Output every line below as it stands, dropping only the images.

_The data:_
-*-*-

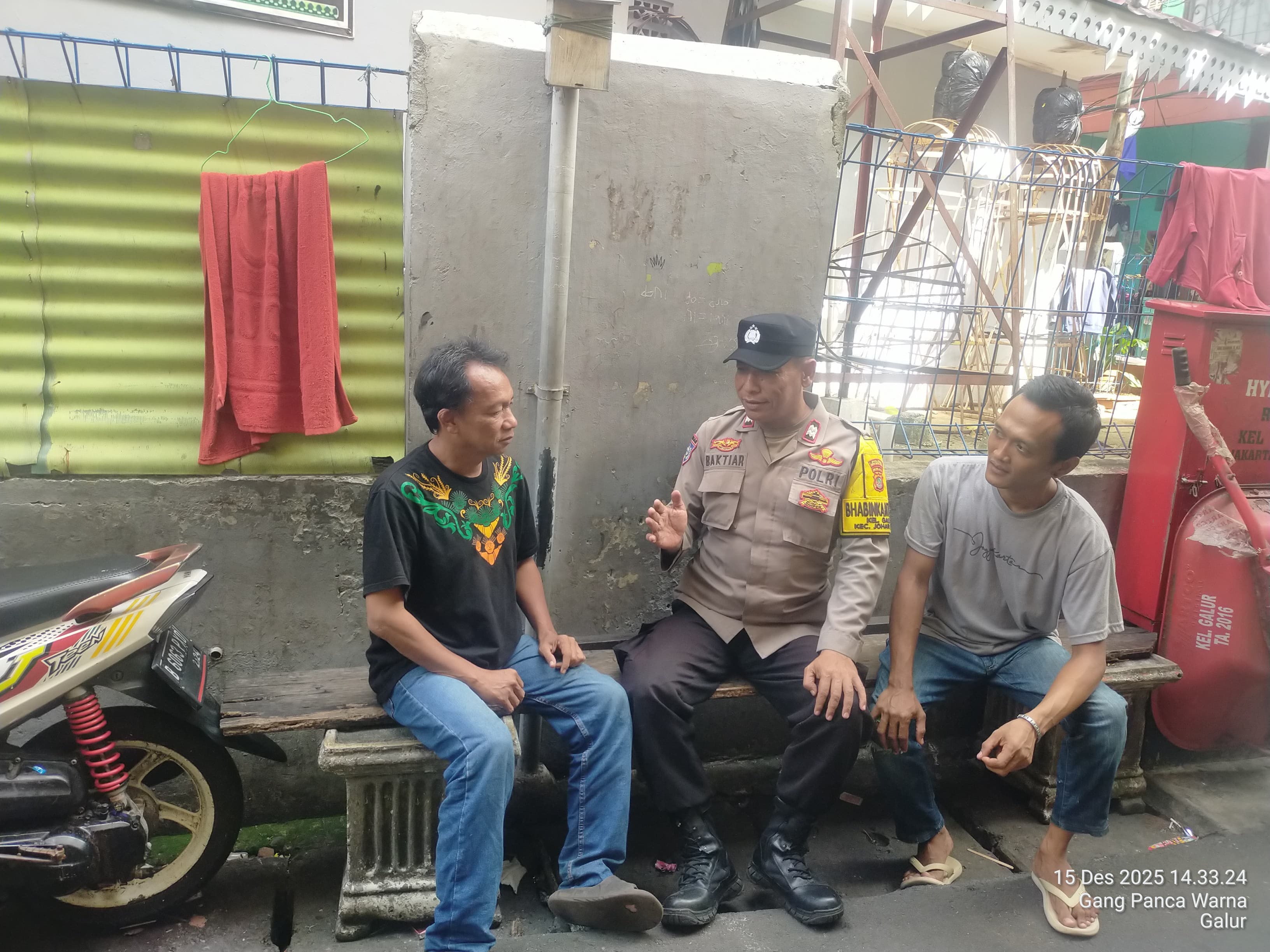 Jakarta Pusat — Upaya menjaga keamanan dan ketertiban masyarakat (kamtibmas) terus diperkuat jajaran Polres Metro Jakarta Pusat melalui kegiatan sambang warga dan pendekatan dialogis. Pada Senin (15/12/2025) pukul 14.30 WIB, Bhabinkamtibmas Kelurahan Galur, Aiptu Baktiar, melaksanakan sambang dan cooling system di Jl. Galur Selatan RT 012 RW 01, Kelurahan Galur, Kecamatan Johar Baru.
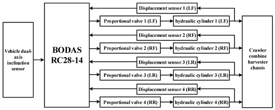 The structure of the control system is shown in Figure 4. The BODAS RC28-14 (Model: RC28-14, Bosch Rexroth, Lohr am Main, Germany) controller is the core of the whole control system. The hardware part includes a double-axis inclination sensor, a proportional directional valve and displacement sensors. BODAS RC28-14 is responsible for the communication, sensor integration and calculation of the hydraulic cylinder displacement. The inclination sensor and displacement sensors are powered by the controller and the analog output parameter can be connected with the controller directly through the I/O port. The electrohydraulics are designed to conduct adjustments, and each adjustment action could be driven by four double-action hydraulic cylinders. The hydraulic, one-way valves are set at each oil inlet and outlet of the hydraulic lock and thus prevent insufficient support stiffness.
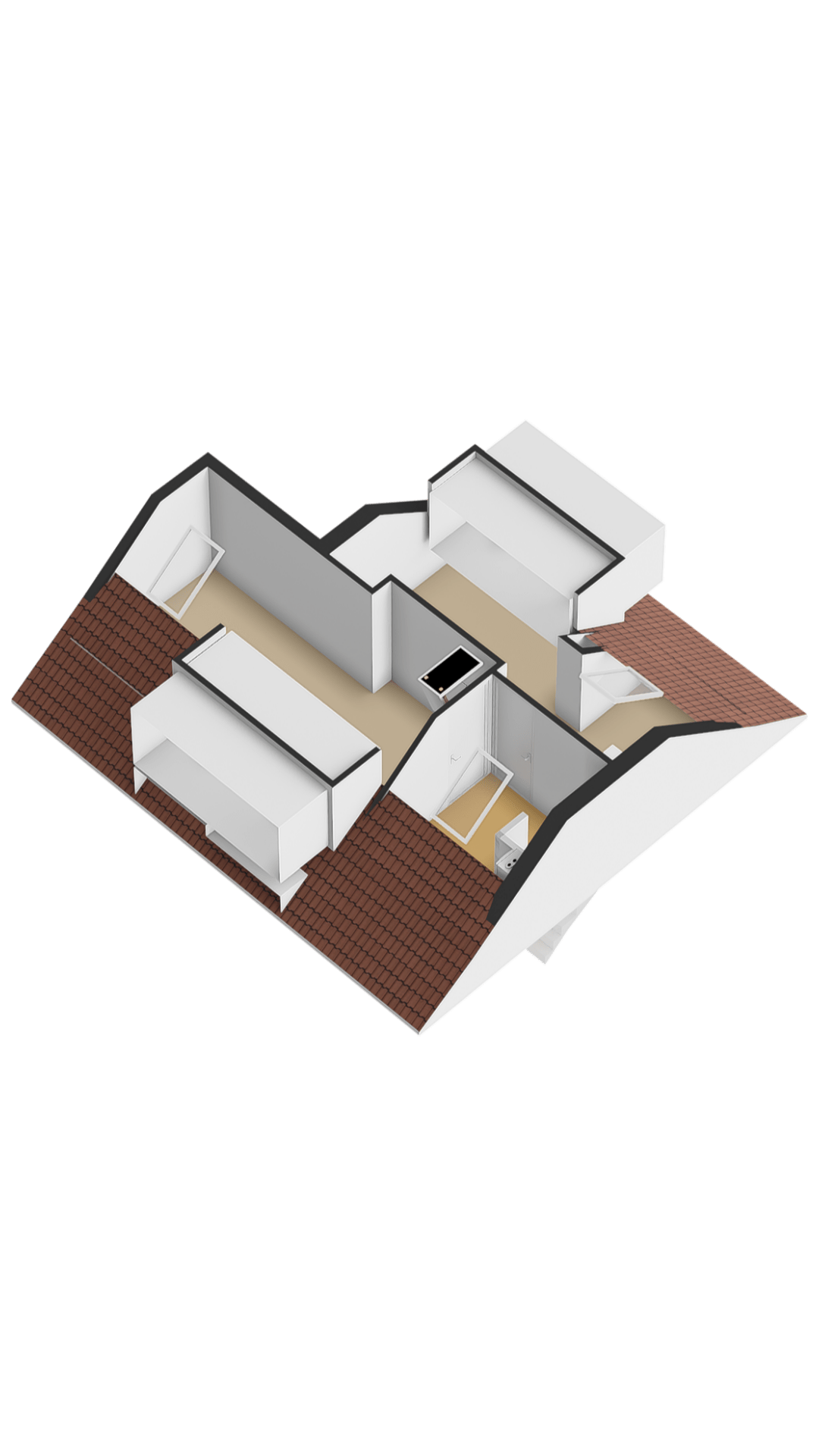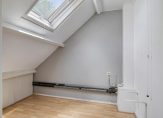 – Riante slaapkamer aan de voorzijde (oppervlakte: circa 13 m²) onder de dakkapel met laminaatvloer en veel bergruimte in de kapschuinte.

-*-*-

_Answer box:_
 Jakarta Pusat — Upaya menjaga keamanan dan ketertiban masyarakat (kamtibmas) terus diperkuat jajaran Polres Metro Jakarta Pusat melalui kegiatan sambang warga dan pendekatan dialogis. Pada Senin (15/12/2025) pukul 14.30 WIB, Bhabinkamtibmas Kelurahan Galur, Aiptu Baktiar, melaksanakan sambang dan cooling system di Jl. Galur Selatan RT 012 RW 01, Kelurahan Galur, Kecamatan Johar Baru.
 The structure of the control system is shown in Figure 4. The BODAS RC28-14 (Model: RC28-14, Bosch Rexroth, Lohr am Main, Germany) controller is the core of the whole control system. The hardware part includes a double-axis inclination sensor, a proportional directional valve and displacement sensors. BODAS RC28-14 is responsible for the communication, sensor integration and calculation of the hydraulic cylinder displacement. The inclination sensor and displacement sensors are powered by the controller and the analog output parameter can be connected with the controller directly through the I/O port. The electrohydraulics are designed to conduct adjustments, and each adjustment action could be driven by four double-action hydraulic cylinders. The hydraulic, one-way valves are set at each oil inlet and outlet of the hydraulic lock and thus prevent insufficient support stiffness.
 – Riante slaapkamer aan de voorzijde (oppervlakte: circa 13 m²) onder de dakkapel met laminaatvloer en veel bergruimte in de kapschuinte.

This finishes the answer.